An Extension Study Assessing the Efficacy and Safety of Brolucizumab in a Treat-to-Control Regimen in Patients With Neovascular Age-related Macular Degeneration Who Have Completed the CRTH258A2303 (TALON) Study (TALON Ext)

Novartis

Status and phase

Completed

Phase 3

Conditions

Neovascular Age-related Macular Degeneration

Treatments

Drug: brolucizumab

Study type

Interventional

Funder types

Industry

Identifiers

NCT04597632

CRTH258A2303E1

2020-002349-40 (EudraCT Number)

Details and patient eligibility

About

The purpose of this extension study was to evaluate the efficacy and safety of brolucizumab used in a Treat-to-Control-regimen for treatment of patients with neovascular age-related macular degeneration who have completed the CRTH258A2303 (TALON) study. The main objective was to assess brolucizumab's potential for long durability up to 20 weeks.

All eligible participants were treated with brolucizumab regardless of their treatment in the TALON study.
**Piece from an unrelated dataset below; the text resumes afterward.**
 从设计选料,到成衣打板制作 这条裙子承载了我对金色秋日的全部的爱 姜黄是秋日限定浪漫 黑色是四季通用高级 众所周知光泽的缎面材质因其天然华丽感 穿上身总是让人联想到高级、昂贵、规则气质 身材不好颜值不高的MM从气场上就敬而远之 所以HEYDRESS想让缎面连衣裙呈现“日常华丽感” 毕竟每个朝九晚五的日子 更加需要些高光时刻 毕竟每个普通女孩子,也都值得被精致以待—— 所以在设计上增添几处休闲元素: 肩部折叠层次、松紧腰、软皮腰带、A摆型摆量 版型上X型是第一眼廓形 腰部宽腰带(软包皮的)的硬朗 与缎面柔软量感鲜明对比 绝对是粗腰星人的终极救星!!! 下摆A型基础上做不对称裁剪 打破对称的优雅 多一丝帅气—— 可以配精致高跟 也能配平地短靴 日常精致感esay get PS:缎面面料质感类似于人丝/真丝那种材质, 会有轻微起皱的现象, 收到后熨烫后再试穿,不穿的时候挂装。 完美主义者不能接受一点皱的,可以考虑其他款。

The study period was 56 weeks including post-treatment follow-up.

Full description

This was a 56-week, open-label, one-arm extension study in subjects who had completed the CRTH258A2303 (TALON) (NCT04005352) study, referred to as the core study in this document. Subjects who provided written informed consent and met all the inclusion and none of the exclusion criteria were enrolled into this extension study to receive brolucizumab 6 mg in a treat-to-control (TtC) regimen, irrespective of the treatment received in the core study.

The maximum study duration for a subject was 56 weeks, including post-treatment follow-up.

There were two periods in this study:

Treat-to-Control treatment period: from Baseline (Day 1) to Week 52
Post-treatment follow-up period: from Week 52 to Week 56.

All participants were treated with brolucizumab regardless of their treatment in the TALON study (brolucizumab or aflibercept).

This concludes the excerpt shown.